*DATASET EXTRACT*.
---
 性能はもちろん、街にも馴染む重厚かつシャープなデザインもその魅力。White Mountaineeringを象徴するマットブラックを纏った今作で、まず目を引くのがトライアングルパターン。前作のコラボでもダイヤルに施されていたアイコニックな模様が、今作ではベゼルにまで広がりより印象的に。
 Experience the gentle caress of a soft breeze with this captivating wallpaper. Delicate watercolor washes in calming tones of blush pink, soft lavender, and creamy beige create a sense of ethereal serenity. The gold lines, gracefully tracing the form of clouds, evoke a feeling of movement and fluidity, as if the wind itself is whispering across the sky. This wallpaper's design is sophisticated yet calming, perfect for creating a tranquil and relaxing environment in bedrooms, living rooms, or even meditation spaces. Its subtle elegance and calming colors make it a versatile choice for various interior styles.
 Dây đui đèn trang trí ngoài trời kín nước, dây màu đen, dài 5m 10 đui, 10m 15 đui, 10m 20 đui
---
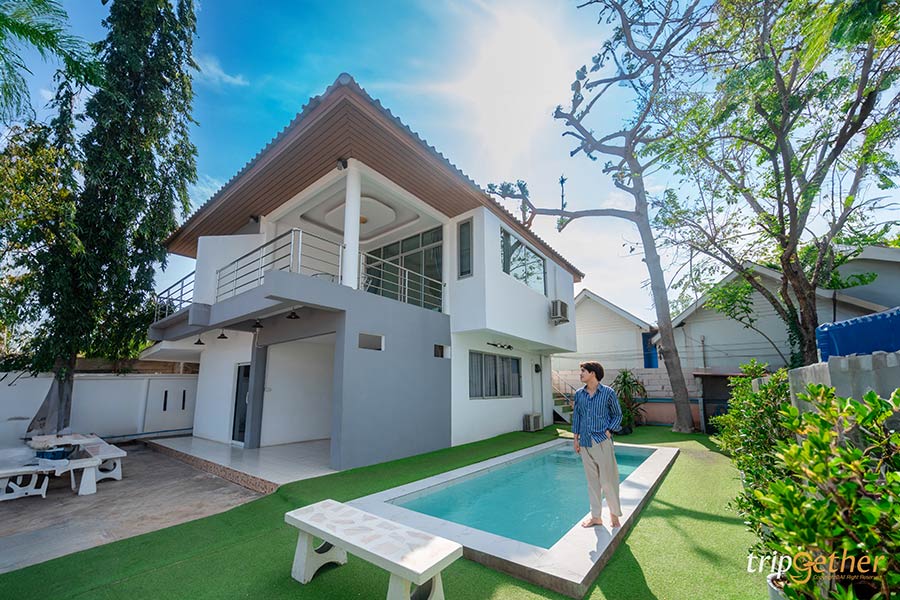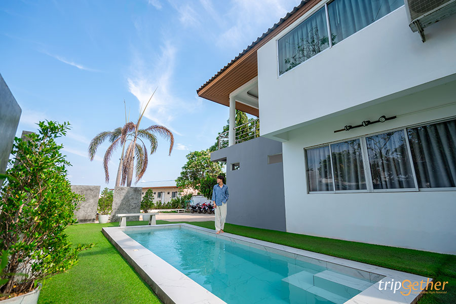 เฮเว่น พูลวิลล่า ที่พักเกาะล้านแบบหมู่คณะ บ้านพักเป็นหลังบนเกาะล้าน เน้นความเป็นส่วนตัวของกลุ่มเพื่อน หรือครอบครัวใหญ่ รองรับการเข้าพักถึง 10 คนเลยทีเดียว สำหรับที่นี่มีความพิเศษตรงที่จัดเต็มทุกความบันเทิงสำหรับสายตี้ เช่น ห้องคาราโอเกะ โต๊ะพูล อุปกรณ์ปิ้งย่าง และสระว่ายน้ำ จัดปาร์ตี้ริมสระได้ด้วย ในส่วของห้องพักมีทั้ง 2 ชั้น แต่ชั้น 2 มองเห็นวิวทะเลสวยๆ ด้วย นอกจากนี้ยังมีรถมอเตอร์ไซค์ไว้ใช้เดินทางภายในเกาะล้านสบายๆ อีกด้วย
---
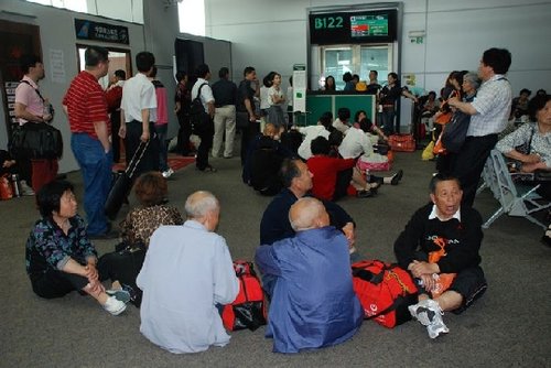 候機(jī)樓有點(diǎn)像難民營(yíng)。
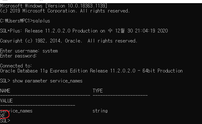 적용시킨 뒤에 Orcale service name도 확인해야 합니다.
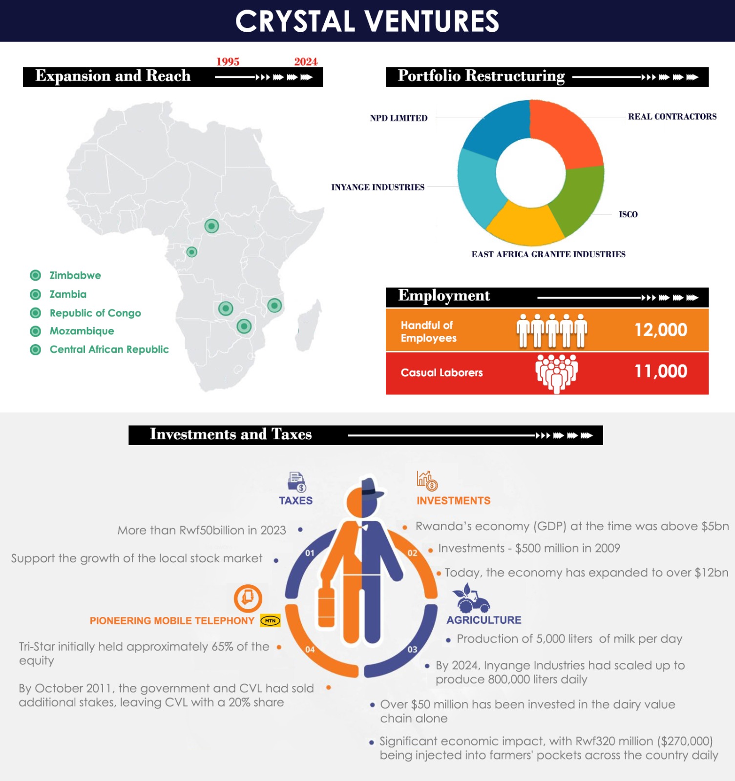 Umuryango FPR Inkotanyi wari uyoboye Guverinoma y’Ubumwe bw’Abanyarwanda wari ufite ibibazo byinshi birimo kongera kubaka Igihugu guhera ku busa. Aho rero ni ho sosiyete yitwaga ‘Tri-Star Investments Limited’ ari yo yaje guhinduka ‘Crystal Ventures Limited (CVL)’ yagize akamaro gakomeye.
---
*WORK ITEM*. Take the stretch of lines above from the one containing "性能はもちろん、街にも馴染む" through the one containing "Dây đui đèn" and repeat it exactly, adding no other line.

*OUTPUT FOR THIS TASK*.
 性能はもちろん、街にも馴染む重厚かつシャープなデザインもその魅力。White Mountaineeringを象徴するマットブラックを纏った今作で、まず目を引くのがトライアングルパターン。前作のコラボでもダイヤルに施されていたアイコニックな模様が、今作ではベゼルにまで広がりより印象的に。
 Experience the gentle caress of a soft breeze with this captivating wallpaper. Delicate watercolor washes in calming tones of blush pink, soft lavender, and creamy beige create a sense of ethereal serenity. The gold lines, gracefully tracing the form of clouds, evoke a feeling of movement and fluidity, as if the wind itself is whispering across the sky. This wallpaper's design is sophisticated yet calming, perfect for creating a tranquil and relaxing environment in bedrooms, living rooms, or even meditation spaces. Its subtle elegance and calming colors make it a versatile choice for various interior styles.
 Dây đui đèn trang trí ngoài trời kín nước, dây màu đen, dài 5m 10 đui, 10m 15 đui, 10m 20 đui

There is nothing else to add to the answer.